Булгаков очухался, и так, чтобы не заметил Гвоздырёв, подмигнул Аронову, мол, валяй, топи, батя, мне уже всё равно!

– Вы оба до конца не перековались! – снова загремел Гвоздырёв. – Через три дня будет комиссия ревкома. Вопрос будет поставлен ребром. Так и до ЧК можно докатиться! А пули на всех найдутся, даже на примазавшихся! Так что подумайте оба, товарищ БулЬгаков и товарищ Аронов, что вы там скажете! И оба ищите себе работу. Вам здесь делать нечего!

Они нервно вымелись покурить на крыльцо; было неожиданно приятно стоять под тёплым, южным солнцем, к которому белокожий Булгаков так и не привык, а лишь щурился слегка. Напротив по-летнему шумел мелководный Терек, да казалось, что улица бежит, бежит, бежит, а потом – бежать некуда, и прямиком упирается в громаду Центрального Кавказа, сверкающего ледниками и снежниками.

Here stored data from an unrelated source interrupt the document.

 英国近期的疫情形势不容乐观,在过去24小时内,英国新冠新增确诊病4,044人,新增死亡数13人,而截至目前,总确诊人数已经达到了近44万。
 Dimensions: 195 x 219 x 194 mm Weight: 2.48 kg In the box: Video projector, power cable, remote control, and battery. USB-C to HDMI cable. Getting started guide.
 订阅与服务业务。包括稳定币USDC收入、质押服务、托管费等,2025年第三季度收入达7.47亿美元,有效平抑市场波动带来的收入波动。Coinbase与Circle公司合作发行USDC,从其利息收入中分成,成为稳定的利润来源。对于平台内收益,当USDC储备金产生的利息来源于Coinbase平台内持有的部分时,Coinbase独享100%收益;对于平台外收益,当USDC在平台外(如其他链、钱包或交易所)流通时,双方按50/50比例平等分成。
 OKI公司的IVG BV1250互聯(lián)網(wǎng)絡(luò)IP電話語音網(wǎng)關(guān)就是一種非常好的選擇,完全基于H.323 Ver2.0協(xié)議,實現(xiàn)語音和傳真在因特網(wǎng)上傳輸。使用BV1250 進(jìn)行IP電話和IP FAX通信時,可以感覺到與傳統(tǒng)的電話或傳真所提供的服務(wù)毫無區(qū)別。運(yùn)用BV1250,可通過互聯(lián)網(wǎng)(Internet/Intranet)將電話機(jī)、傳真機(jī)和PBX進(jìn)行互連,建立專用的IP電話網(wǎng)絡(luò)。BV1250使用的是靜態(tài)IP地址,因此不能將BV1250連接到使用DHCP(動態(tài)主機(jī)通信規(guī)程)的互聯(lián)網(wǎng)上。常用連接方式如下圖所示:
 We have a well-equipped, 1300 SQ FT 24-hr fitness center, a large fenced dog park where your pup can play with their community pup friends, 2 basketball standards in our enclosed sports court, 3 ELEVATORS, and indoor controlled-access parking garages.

– Ничего… он остынет, я его знаю, – доверительно сказал Виталий Жигарев, блондин с соломенными волосами, дымя самокрутку, как паровоз, – но с ним нужно быть осторожным, в восемнадцатом, в Ставрополе, он, между прочим, самолично расстрелял тридцать семь священников, потому что был контужен ещё под Екатеринодаром и признан негодным к строевой. У него случаются приступы безумия, тогда он хватается за пистолет и палит в кого ни попадя, а потом напивается до бесчувствия, и между прочим, тихонечко молится под одеялом.

– Зачем?.. – спросил Булгаков, понимая, что такая же судьба ожидает и его, несчастного, если он не разыграет свой шанс писателя, всякие Гвоздырёвы будут страшно мешать сосредоточиться на творчестве.

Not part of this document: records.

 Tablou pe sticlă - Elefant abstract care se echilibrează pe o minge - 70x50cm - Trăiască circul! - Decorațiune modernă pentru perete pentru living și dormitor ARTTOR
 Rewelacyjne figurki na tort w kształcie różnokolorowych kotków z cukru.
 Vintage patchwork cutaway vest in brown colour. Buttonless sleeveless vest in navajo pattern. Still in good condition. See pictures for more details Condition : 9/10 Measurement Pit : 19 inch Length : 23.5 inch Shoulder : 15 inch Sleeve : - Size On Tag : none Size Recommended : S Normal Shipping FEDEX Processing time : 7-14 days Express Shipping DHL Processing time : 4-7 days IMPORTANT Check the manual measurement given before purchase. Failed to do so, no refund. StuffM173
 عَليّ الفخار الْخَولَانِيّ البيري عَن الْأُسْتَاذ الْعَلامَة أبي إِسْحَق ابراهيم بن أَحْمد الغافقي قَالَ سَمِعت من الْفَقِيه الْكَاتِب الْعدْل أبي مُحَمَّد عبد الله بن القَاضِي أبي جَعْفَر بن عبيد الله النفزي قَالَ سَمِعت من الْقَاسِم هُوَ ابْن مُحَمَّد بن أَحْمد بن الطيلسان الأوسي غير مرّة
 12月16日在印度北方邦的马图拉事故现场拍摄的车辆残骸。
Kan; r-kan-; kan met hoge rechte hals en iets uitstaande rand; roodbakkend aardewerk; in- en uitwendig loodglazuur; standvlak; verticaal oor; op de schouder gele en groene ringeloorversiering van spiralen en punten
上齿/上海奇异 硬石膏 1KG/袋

– Что зачем? – Виталий Жигарев споткнулся о своё чистосердечие.

– Зачем вы нам это рассказываете? – Булгаков гнобил его дальше.

– На всякий случай… – многозначительно сказал Виталий Жигарев, не понимая Булгакова. – Чтобы предупредить!

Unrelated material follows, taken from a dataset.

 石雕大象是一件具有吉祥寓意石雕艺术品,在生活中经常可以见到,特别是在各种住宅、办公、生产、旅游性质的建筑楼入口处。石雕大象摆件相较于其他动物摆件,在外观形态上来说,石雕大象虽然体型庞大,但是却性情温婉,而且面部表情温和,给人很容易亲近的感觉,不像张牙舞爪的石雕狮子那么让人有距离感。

– Что же теперь делать? – поинтересовался старик Аронов, помня о жене Саре и о её космополитических планах.

– Кто его знает? – сочувствующе пожал плечами Виталий Жигарев, сообразив наконец, что Булгаков над ним тонко издевается, но остановится не мог. – Сейчас он уже не тот, кровавые мальчики, конечно, замучили, но не настолько, чтобы кидаться на людей!

И Булгаков понял, что Виталий Жигарев, как и большинство революционеров, ещё и в меру циничен и что он берёт их с Ароновым под защиту, даже несмотря на то, что дело рисковое: Булгаков в их глазах бывший белый офицер, хотя и хирург-энтомолог, а Аронов – вообще непонятно, кто, какой-то главный цензор ревкома. Зачем всё это? Просто спроси, за какую ты власть: за белую или красную. И кардинально реши вопрос одним махом. А разводить антимонию самое последнее дело! Не по-русски это!

– Колется? – спросил он, думая о своём недавнем прошлом.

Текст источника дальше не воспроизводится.